Question 1 (Non-Calculator):

If f(x) = ln(x^2 + 1), then f'(x) = ?

Solution:

This question requires applying the chain rule.

1. Identify the outer and inner functions: The outer function is ln(u) and the inner function is u = x^2 + 1.
2. Find the derivatives: The derivative of ln(u) is 1/u, and the derivative of x^2 + 1 is 2x.
3. Apply the chain rule: f'(x) = (1/(x^2 + 1)) * (2x) = 2x / (x^2 + 1)

Answer: 2x / (x^2 + 1)

Key Takeaway: This problem highlights the importance of mastering the chain rule and recognizing composite functions.

Question 2 (Non-Calculator):

The area of the region enclosed by the curves y = x^2 and y = 4x - x^2 is ?

Solution:

This problem tests the ability to find the area between two curves.
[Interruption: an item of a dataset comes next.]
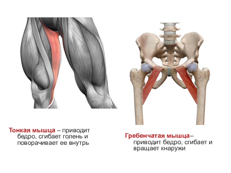 Тонкая мышца – приводит бедро, сгибает голень и поворачивает ее внутрь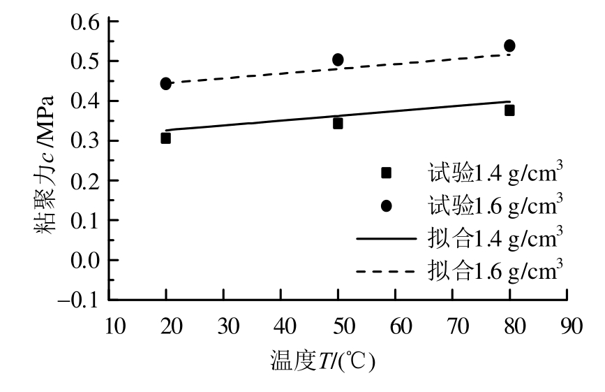 图3 粘聚力与干密度、温度的关系

1. Find the points of intersection: Set x^2 = 4x - x^2, which simplifies to 2x^2 - 4x = 0. Factoring gives 2x(x - 2) = 0, so the points of intersection are x = 0 and x = 2.
2. Determine which curve is on top: Between x = 0 and x = 2, 4x - x^2 is greater than x^2. This can be tested by picking a value between 0 and 2, such as x = 1. At x = 1, 4x - x^2 = 3 and x^2 = 1.
3. Set up the integral: The area is given by the integral of the top curve minus the bottom curve, from the left intersection point to the right intersection point: ∫[0, 2] (4x - x^2 - x^2) dx = ∫[0, 2] (4x - 2x^2) dx
4. Evaluate the integral: ∫[0, 2] (4x - 2x^2) dx = [2x^2 - (2/3)x^3] evaluated from 0 to 2 = (2(2)^2 - (2/3)(2)^3) - (0) = 8 - 16/3 = 8/3

Answer: 8/3

Key Takeaway: This question emphasizes the need to find intersection points and correctly set up the integral representing the area between curves.

Question 3 (Calculator Allowed):

A particle moves along the x-axis so that its velocity at time t is given by v(t) = 3t^2 - 12t + 9. What is the total distance traveled by the particle from t = 0 to t = 4?

Solution:

This problem involves finding total distance traveled, which requires considering changes in direction.

1. Find when the particle changes direction: Set v(t) = 0 to find the times when the particle changes direction: 3t^2 - 12t + 9 = 0. Divide by 3: t^2 - 4t + 3 = 0. Factor: (t - 1)(t - 3) = 0. So the particle changes direction at t = 1 and t = 3.
2. Integrate the absolute value of the velocity: The total distance traveled is ∫[0, 4] |v(t)| dt = ∫[0, 4] |3t^2 - 12t + 9| dt. This can be broken into three integrals: ∫[0, 1] (3t^2 - 12t + 9) dt + ∫[1, 3] -(3t^2 - 12t + 9) dt + ∫[3, 4] (3t^2 - 12t + 9) dt
3. Evaluate the integrals: ∫[0, 1] (3t^2 - 12t + 9) dt = [t^3 - 6t^2 + 9t] from 0 to 1 = (1 - 6 + 9) - 0 = 4. ∫[1, 3] -(3t^2 - 12t + 9) dt = -[t^3 - 6t^2 + 9t] from 1 to 3 = -[(27 - 54 + 27) - (1 - 6 + 9)] = -[0 - 4] = 4. ∫[3, 4] (3t^2 - 12t + 9) dt = [t^3 - 6t^2 + 9t] from 3 to 4 = (64 - 96 + 36) - (27 - 54 + 27) = 4 - 0 = 4.
4. Add the distances: The total distance traveled is 4 + 4 + 4 = 12.

Answer: 12

Key Takeaway: Understanding the difference between displacement and total distance traveled is crucial. Remembering to integrate the absolute value of the velocity function is essential. Utilizing a calculator for integration can save time and reduce errors.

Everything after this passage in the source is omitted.